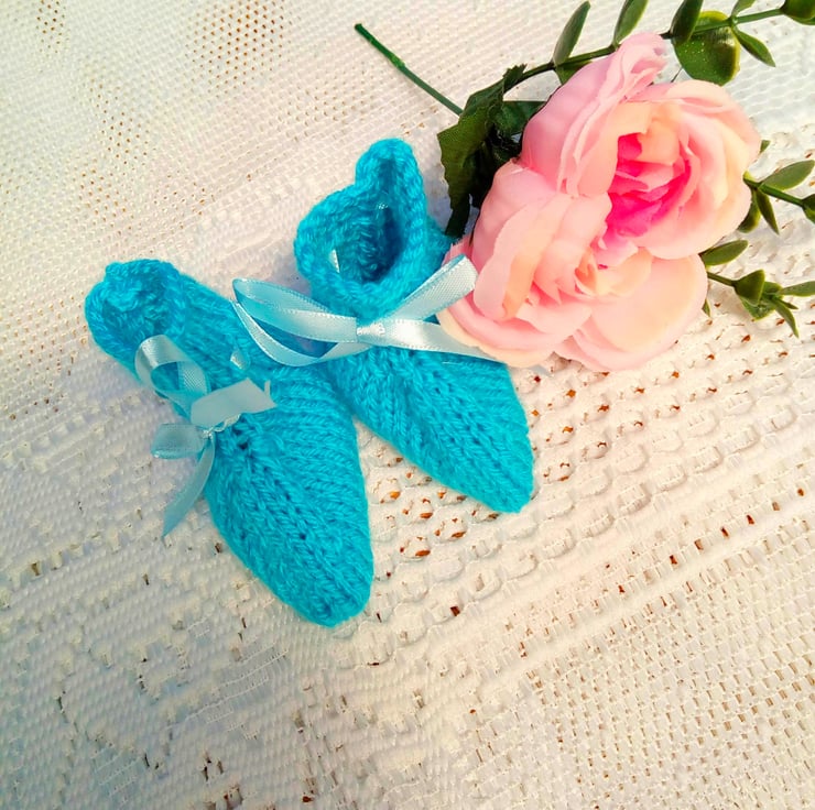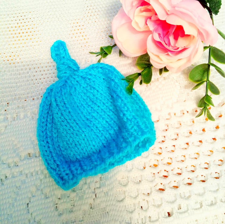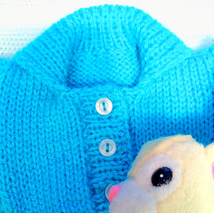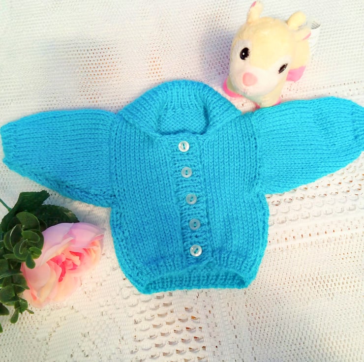 A cute 3 piece cardigan set for a premature baby comprising a cardigan, booties and a hat for a premature baby boy or girl. The set is knitted in double knitting weight yarn. It is in stock in this pretty turquoise colour but it can also be made for you in other colours. This will take approximately 1 - 2 weeks to produce and post to you.
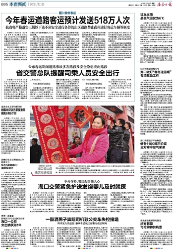 海南日报 本省新闻民生/社会 017 2018-01-301 2018年01月30日 星期二
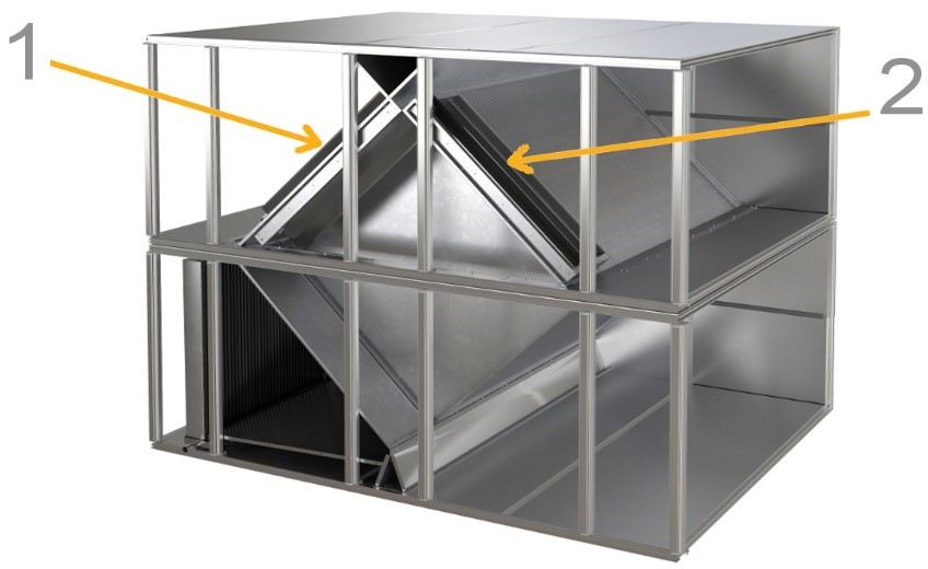 Чтобы обеспечить правильную работу теплообменника для рекуперации холода, этот теплообменник оснащается на заводе-изготовителе заслонками, закрывающими приток в теплообменнике с перекрестным потоком.
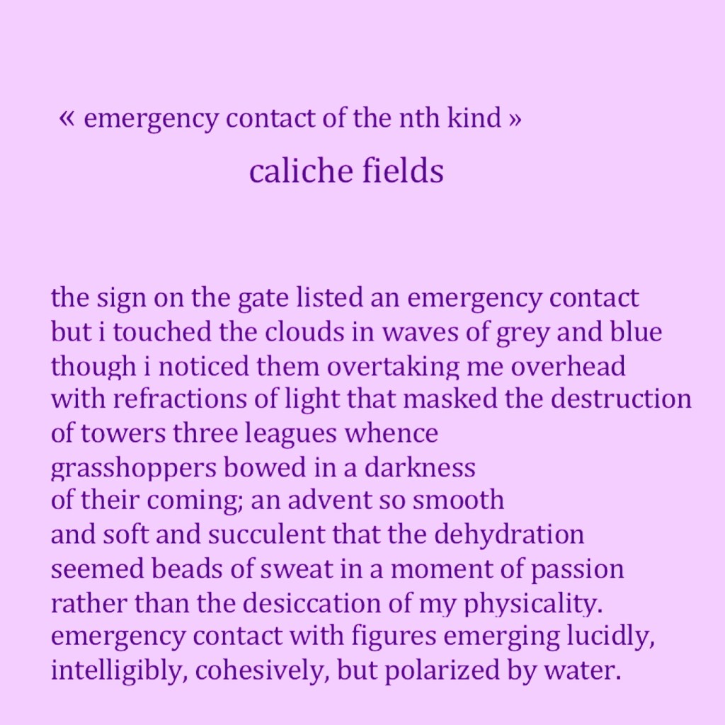 @calichefields lives upon the prehistoric ruins of the permian basin; an ma candidate specializing in the poetry of sor juana inés de la cruz. they’re rooted in interdisciplinary natures and their work dwells within the kitchen, its sciences and philosophies.

● YOUR INSTRUCTIONS
Please reproduce all the material exactly. Pictures stay out of the copy.

● ANSWER AREA
 A cute 3 piece cardigan set for a premature baby comprising a cardigan, booties and a hat for a premature baby boy or girl. The set is knitted in double knitting weight yarn. It is in stock in this pretty turquoise colour but it can also be made for you in other colours. This will take approximately 1 - 2 weeks to produce and post to you.
 海南日报 本省新闻民生/社会 017 2018-01-301 2018年01月30日 星期二
 Чтобы обеспечить правильную работу теплообменника для рекуперации холода, этот теплообменник оснащается на заводе-изготовителе заслонками, закрывающими приток в теплообменнике с перекрестным потоком.
 @calichefields lives upon the prehistoric ruins of the permian basin; an ma candidate specializing in the poetry of sor juana inés de la cruz. they’re rooted in interdisciplinary natures and their work dwells within the kitchen, its sciences and philosophies.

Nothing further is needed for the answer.